每一道年輪都刻著抗聯(lián)的番號,
槍膛里的余溫還沒散盡,
就被零下四十度的寒風(fēng)啃噬。
那些打光的子彈殼,
在雪地里泛著白光,
像無數(shù)雙沒來得及閉上的眼睛。
勸降書在寒風(fēng)里卷成紙蝶,
翻譯官的聲音,裹著蜜餞的誘餌:
“滿洲國的冬天很長,楊司令,
你看這山、這林,都是皇軍的了。
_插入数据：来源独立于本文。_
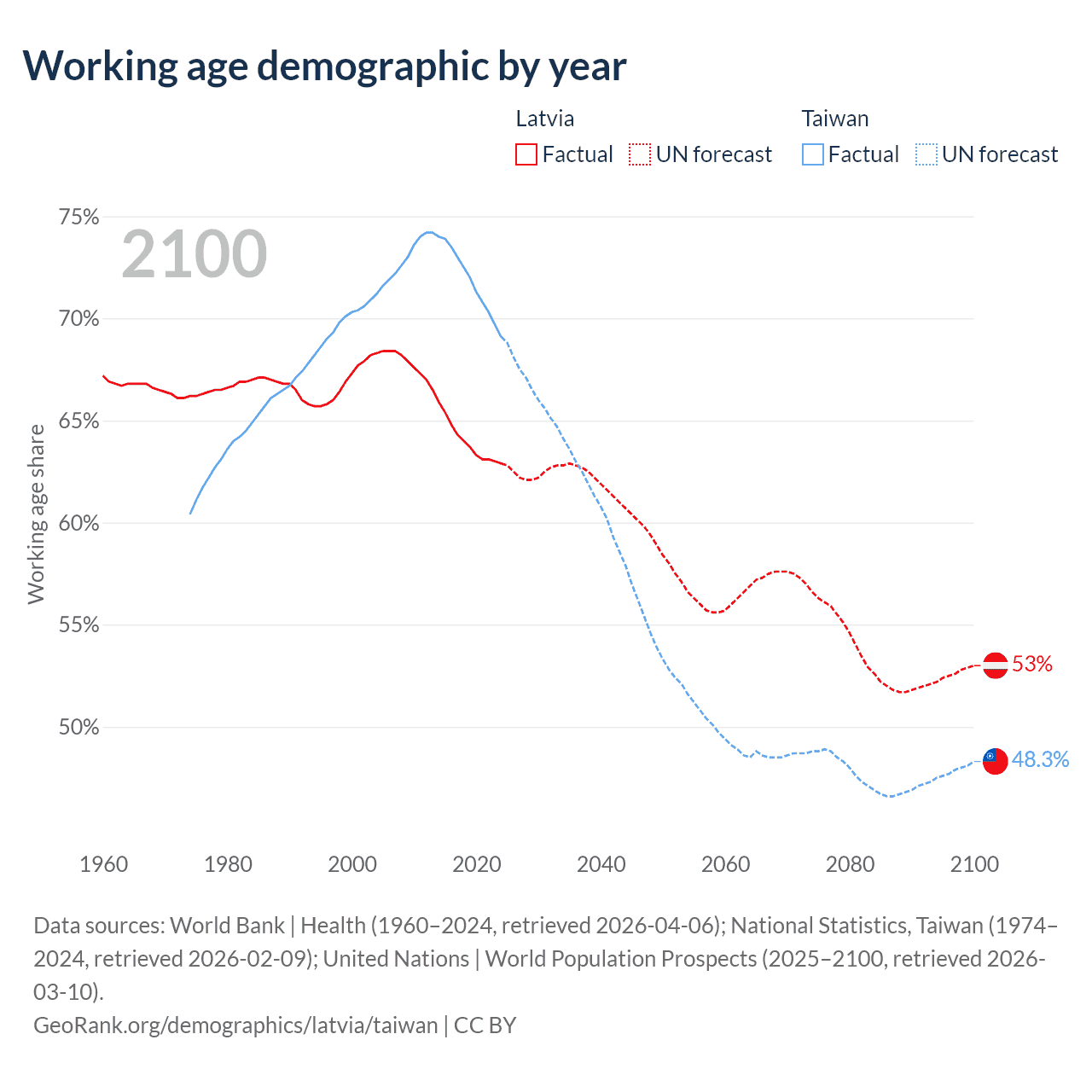 - Latvia has 1.15M working age adults (aged 15-64) vs 16.1M in Taiwan.
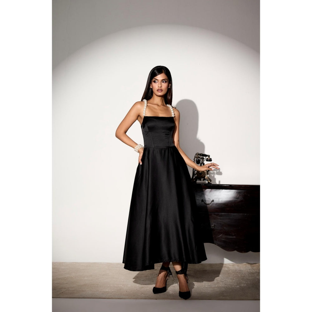 Description : Timeless and decadent, the vivienne pearl strap dress is an ode to classic femininity with a modern, sculpted edge. Crafted in lustrous jet-black satin, the dress drapes with a liquid sheen that catches light with every movement. Its corseted bodice shapes the silhouette with clean structure, while the flared midi skirt flows with effortless grace. Bodice - cut to contour, the structured corset bodice features subtle boning and a square neckline that beautifully frames the decolletage. The standout detail - oversized pearl-beaded straps - adds a touch of vintage glamour and texture to the minimalist silhouette. Skirt - the full-length satin skirt flows in a soft a-line, balancing volume with fluidity and lending a timeless elegance to the look. Finishing details - concealed side zip ensures a seamless fit, while the pearl straps and sleek tailoring elevate the dress into a statement of quiet luxury.

”
你笑著,喉管里滾出冰碴的響,
像長白山在咳嗽:
“我是中國人!”
五個字,每個都帶著鋒刃。
子彈穿透胸膛時,
你仍保持著射擊的姿勢,
雪落在睫毛上,瞬間成霜,
像給未瞑的眼,戴上一層
透明的、不跪的勛章。
敵人剖開你的腹腔,
胃袋空空,只盛著
草根、樹皮和棉絮,
早被熱血焐成灰燼。
現(xiàn)在的長白山,
松鼠正把松果藏進樹洞,
陽光漫過紀念碑的肩章。
有人指著地圖上的某個點說,
看,那是楊靖宇。
你的名字還在生長,
根須扎進每一寸,
曾被鮮血浸泡過的土壤。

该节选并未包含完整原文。